Zebrafish husbandry and manipulation

Zebrafish were maintained in a tank rack system with automatic water recycling, water changes as well as monitoring and adjustment of water parameters (Tecniplast, Hohenpeißenberg, Germany). Fish were kept under a 14 h light and 10 h dark cycle and were fed three times a day with artemia (Aqua Schwarz, Göttingen, Germany) and pelleted dry food (Sparos Zebrafeed, Olhão, Portugal). Maintenance as well as manipulation of zebrafish were approved by the Veterinary Care Unit at Ulm University and the animal welfare commissioner of the regional board for scientific animal experiments in  Tübingen, Germany. Experiments were performed according to the European Union Directive 86/609/EEC for the protection of animals used for experimental and other scientific purposes. In this study adult zebrafish (AB and EK wt strains, wt1b:GFP transgenics [21]) were naturally mated. Fertilised eggs were microinjected either at the one to two cell stage for ubiquitous manipulation of the embryo or at the 1000 cell stage for Kupffer’s vesicle (KV)-specific targeting [2]. Embryos were raised to the desired stages in an incubator set to 28.5 °C. Orc1-depleted embryos were generated by injection of 5 nl of a 0.25 mM concentrated, previously characterised antisense morpholino oligonucleotide (MO) [4]. Orc4 or Orc6 KD was achieved by injection of 5 nl of splice blocking MOs, which were diluted to 0.5 mM and have the following sequences: Orc4 exon 1 splMO: 5′- TAACATGAGGAAGGAGGACAGACCA; Orc6 exon 2 splMO: 5′-CTCTGCTTGACTGAAAACAAATGGA. Blasting against the zebrafish genome (Ensembl release 94) revealed that neither the Orc4 splMO nor the Orc6 splMO target any other sequence in the zebrafish genome. Noninjected (NI) embryos as well as those injected with a standard control MO, which does not target the zebrafish genome, were used as controls. All MOs were purchased from Gene Tools Inc (Philomath, OR, USA). Rescue injections were performed by consecutive injections of KD MO and capped RNA (500 pg per egg).
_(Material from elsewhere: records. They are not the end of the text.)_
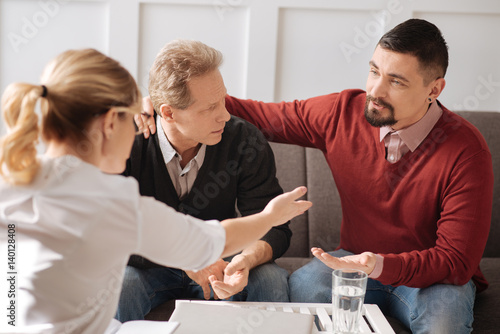 Fototapeta premium Pleasant professional psychologist discussing her patients problems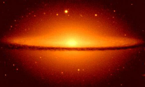 Спиральная галактика M104 (Сомбреро) в созвездии Девы. Хорошо заметная на снимке темная линия пыли и гало из звезд и шаровых скоплений и дали название этой галактике.
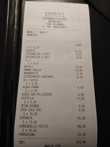 Read moreRistorante-pizzeria situato in uno dei viali più belli della città, ubicato all'interno di locali storici dei conti Pavoncelli. Si possono consumare deliziosi pasti, preparati da personale esperto, sia all'interno che all'esterno sul bel viale alberato di Via Pavoncelli, dove si può godere di un'ottima vista del Piano San Rocco con le Fosse Granarie e la Chiesa di San Domenico, nonchè del Palazzo Pavoncelli. Il menù è vario e comprende, ovviamente, oltre alla ottima cucina locale, anche ottime pizze di ogni genere, dove spicca la pizza "cerignolana", senza nulla togliere alle altre pizze. Qui si possono degustare gli ottimi vini locali (soprattutto), vini nazionali ed anche esteri (tanto la maggior parte di questi viene prodotto con i mosti cerignolani!), del resto Mistella prende proprio il nome dal mosto d'uva non o parzialmente fermentato, storicamente lavorato in questi locali che, miscelato con acquavite di vino o alcol, veniva (viene) usato per la preparazione di vini liquorosi, aperitivi ed altri combinati. Ottimo cibo, personale gentilissimo e preparato. Qui ci si immerge nella vera buona essenza di Cerignola. Adatto e...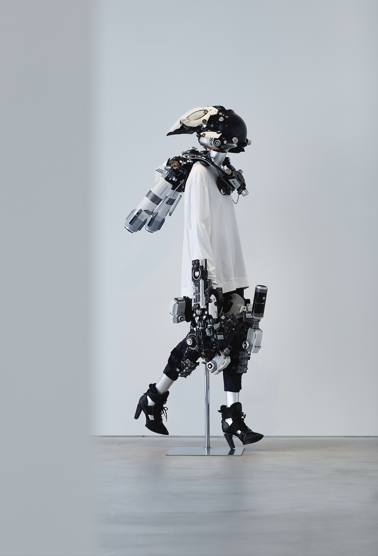 Incorporating elements of cutting-technology rapidly assimilated into our daily lives, the sleek near-future hinted by Hiroto Ikeuchi also inspires a sense of disturbance. Laced with the future-orientated optimism of previous decades, his exoskeletons and augmented bodies depict an imminent world of total mechanisation and surveillance. While this may be the case, in his works delving deeply into the relationship between humanity and technology, we are also reminded the future is a question of our imagination. Hiroto Ikeuchi’s cyberpunk, assembled from the fragments of our contemporary technological climate, projects a sombre future—but their elaborate demonstration reminds us that it is only one future of many.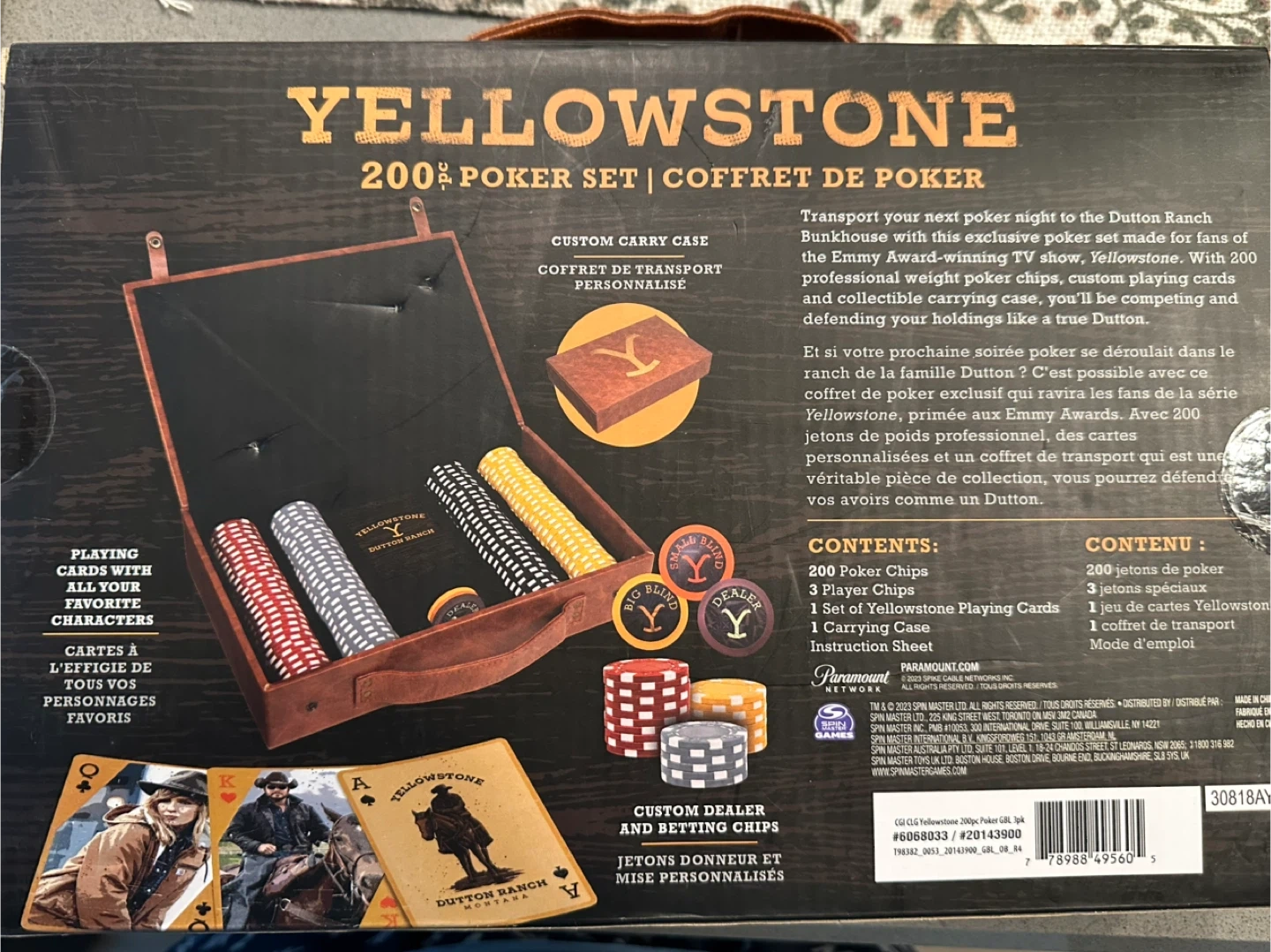 Selling a Yellowstone 200-piece poker set! It comes with 200 poker chips, 3 player chips, 1 set of Yellowstone playing cards, and 1 carrying case. The set also includes an instruction sheet. Perfect for fans of the show!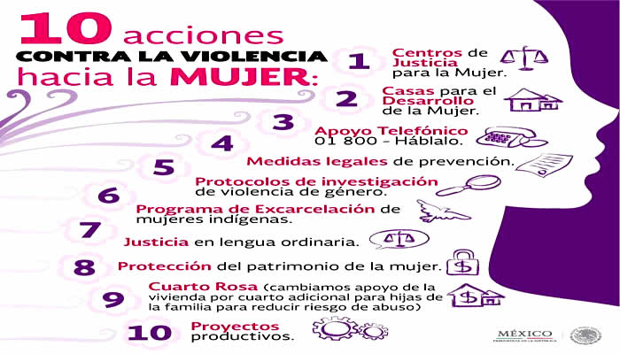 Por ello, el gobierno de la República lanzò 10 Acciones contra la violencia hacia la mujer:

Splice-blocking verification

To verify the ability of Orc4 and Orc6 splMO, respectively in preventing regular splicing zebrafish eggs were injected at the one cell stage and allowed to develop until 24 h post fertilisation (hpf). RNA was extracted using Zymo’s Quick-RNA MiniPrep kit (Freiburg, Germany). Equal amounts of RNA were transcribed using SuperScript II (Invitrogen, Germany) and PCR was performed with the following primers: Orc4 Fwd: 5′-GAAGATGAGCAAGCGAAGGC, Orc4 Rev: 5′-GACGTTCTCCAGATGCAGCT; Orc6 Fwd: 5′-ACGCCCATTTGTGAAGCAAC, Orc6 Rev: 5′-CTCGGAGACCCAGGTTTGAC. The resulting PCR bands were sequenced to verify amplification of the right sequence and splice blocking induced by splMO injection. As housekeeping gene β-actin was used as previously described [23].

In situ hybridisation

In situ hybridisation (ISH) for the spatial detection of RNA expression was performed with fixed embryos and according to the standard protocol by Thisse et al. [24]. To generate a DIG-labelled antisense in situ probe for the detection of orc1, the plasmid containing a fragment of the Orc1 coding sequence was linearised with HindIII and transcribed using T7 RNA polymerase (NEB, Frankfurt am Main, Germany) and DIG labelling mix (Roche, Mannheim, Germany). All other probes used have been described before [25].

Imaging

Live zebrafish embryos (48 hpf) as well as those processed by whole mount ISH were imaged on a Leica M125 with an IC80HD or a MC190HD camera (Leica, Wetzlar, Germany). For the analysis of smaller heads, eyes and shorter bodies, injected embryos were compared to average NI controls. Fluorescence images of the developing kidney were acquired on a Leica M205FCA and a Leica DFC9000GT sCMOS camera. Images of KV cilia were acquired using a Leica TCS SP5II confocal microscope. Here, z-stacks were captured every 0.3 µm and processed into a 3D stack using the Leica acquisition software LAS AF. Image processing was done with the help of Adobe Photoshop CC2018 (Adobe Systems Software Ireland Limited, Dublin, Ireland). Any adjustments (brightness, contrast or colour balance) were applied equally to the whole image and equally to same treatment groups (i.e., CTRL MO vs. Orc1 MO). Final figures were assembled in Adobe Illustrator CC2018.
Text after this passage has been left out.